• [Records supplied]
● ● ● ● ●

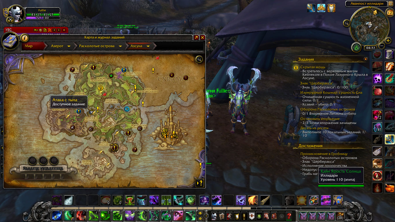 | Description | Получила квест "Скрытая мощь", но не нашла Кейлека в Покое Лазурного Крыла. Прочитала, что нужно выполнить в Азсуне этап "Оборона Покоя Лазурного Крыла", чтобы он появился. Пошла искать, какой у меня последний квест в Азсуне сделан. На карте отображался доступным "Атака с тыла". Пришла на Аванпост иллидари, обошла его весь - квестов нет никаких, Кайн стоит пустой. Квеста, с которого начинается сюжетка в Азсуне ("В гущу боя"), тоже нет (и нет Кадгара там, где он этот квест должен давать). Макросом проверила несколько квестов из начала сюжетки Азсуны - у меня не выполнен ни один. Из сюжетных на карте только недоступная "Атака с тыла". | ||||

● ● ● ● ●

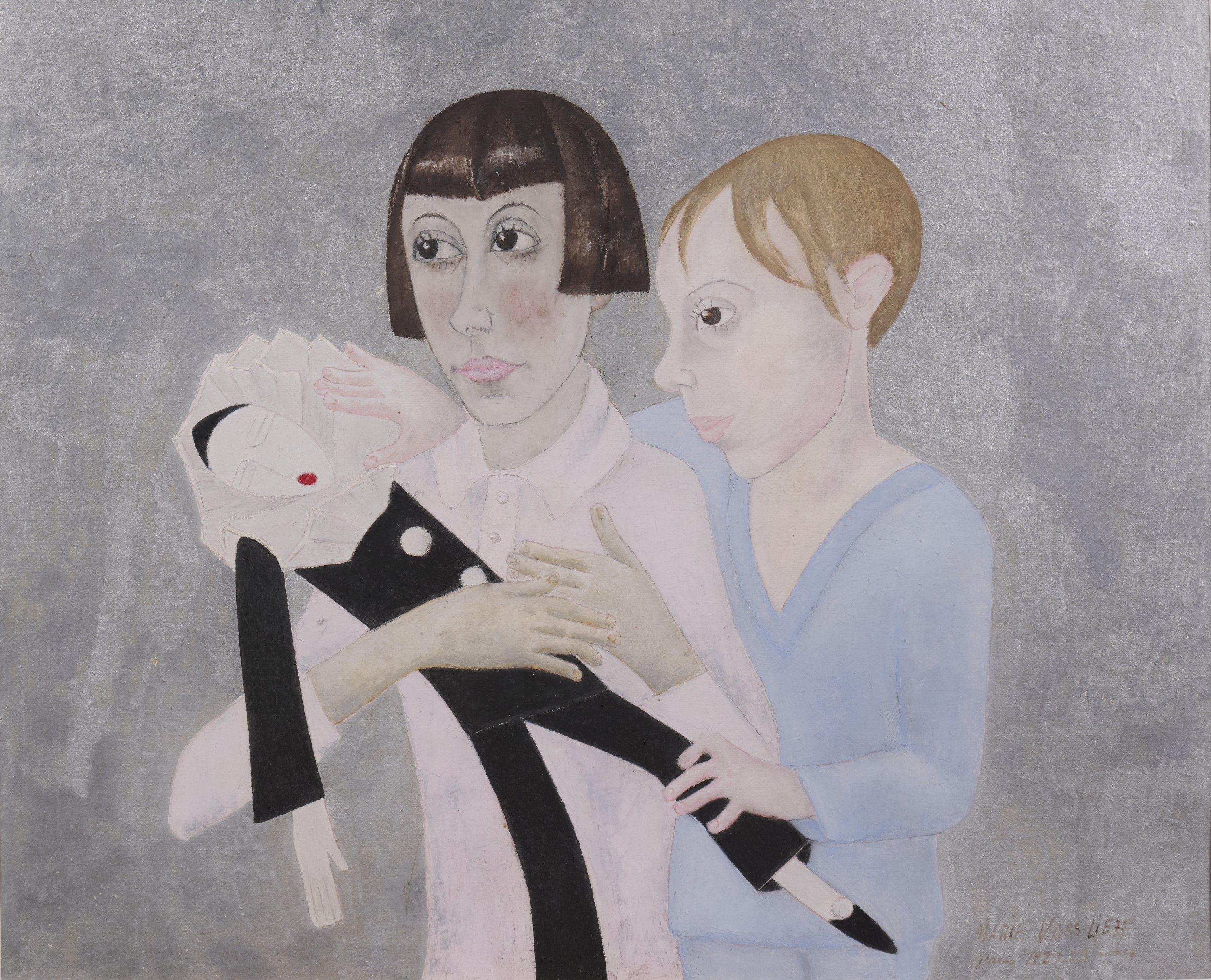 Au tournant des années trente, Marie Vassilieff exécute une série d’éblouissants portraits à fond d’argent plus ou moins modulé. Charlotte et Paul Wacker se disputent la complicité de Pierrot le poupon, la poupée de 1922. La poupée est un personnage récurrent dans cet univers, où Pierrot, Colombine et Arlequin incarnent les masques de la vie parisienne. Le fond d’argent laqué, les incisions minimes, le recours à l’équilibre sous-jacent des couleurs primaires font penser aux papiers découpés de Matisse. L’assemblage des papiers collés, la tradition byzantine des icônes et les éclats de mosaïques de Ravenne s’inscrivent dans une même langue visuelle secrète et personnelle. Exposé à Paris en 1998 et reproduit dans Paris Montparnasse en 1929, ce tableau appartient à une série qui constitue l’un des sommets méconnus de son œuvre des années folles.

● ● ● ● ●

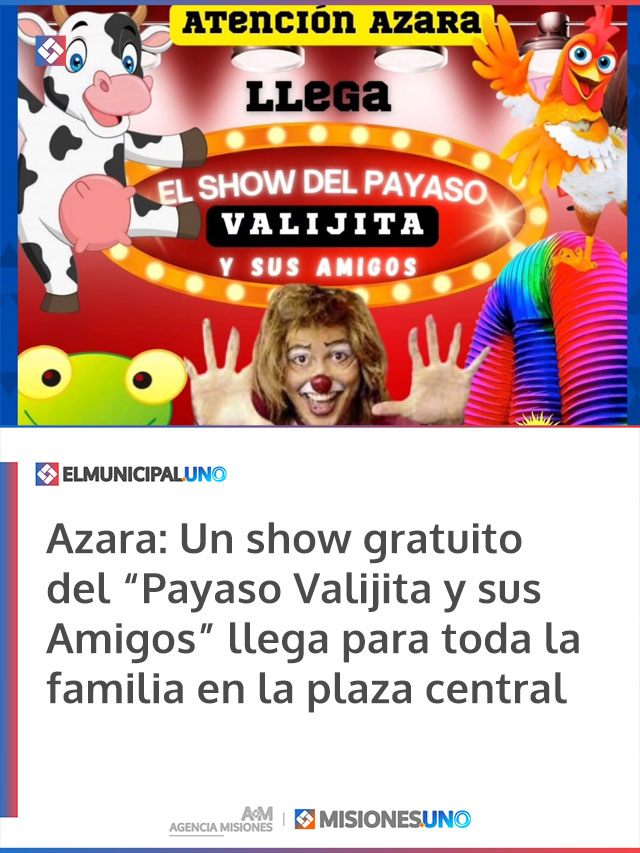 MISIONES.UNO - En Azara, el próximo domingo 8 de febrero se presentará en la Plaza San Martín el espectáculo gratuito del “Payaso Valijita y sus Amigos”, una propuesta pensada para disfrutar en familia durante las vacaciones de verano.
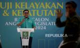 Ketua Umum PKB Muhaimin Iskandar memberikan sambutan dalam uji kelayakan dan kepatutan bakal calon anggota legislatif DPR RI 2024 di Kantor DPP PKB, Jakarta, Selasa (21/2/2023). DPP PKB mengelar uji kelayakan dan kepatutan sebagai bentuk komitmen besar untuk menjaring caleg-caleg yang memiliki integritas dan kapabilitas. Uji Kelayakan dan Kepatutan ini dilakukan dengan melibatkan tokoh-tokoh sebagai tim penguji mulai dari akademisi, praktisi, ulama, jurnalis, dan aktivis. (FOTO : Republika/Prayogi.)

● ● ● ● ●

• [Exercise details] Within the listing above, the lines from the one with "MISIONES.UNO - En" through the one with "Ketua Umum PKB" are to be given again word for word. Do not include pictures.

• [Response to the task]
 MISIONES.UNO - En Azara, el próximo domingo 8 de febrero se presentará en la Plaza San Martín el espectáculo gratuito del “Payaso Valijita y sus Amigos”, una propuesta pensada para disfrutar en familia durante las vacaciones de verano.
 Ketua Umum PKB Muhaimin Iskandar memberikan sambutan dalam uji kelayakan dan kepatutan bakal calon anggota legislatif DPR RI 2024 di Kantor DPP PKB, Jakarta, Selasa (21/2/2023). DPP PKB mengelar uji kelayakan dan kepatutan sebagai bentuk komitmen besar untuk menjaring caleg-caleg yang memiliki integritas dan kapabilitas. Uji Kelayakan dan Kepatutan ini dilakukan dengan melibatkan tokoh-tokoh sebagai tim penguji mulai dari akademisi, praktisi, ulama, jurnalis, dan aktivis. (FOTO : Republika/Prayogi.)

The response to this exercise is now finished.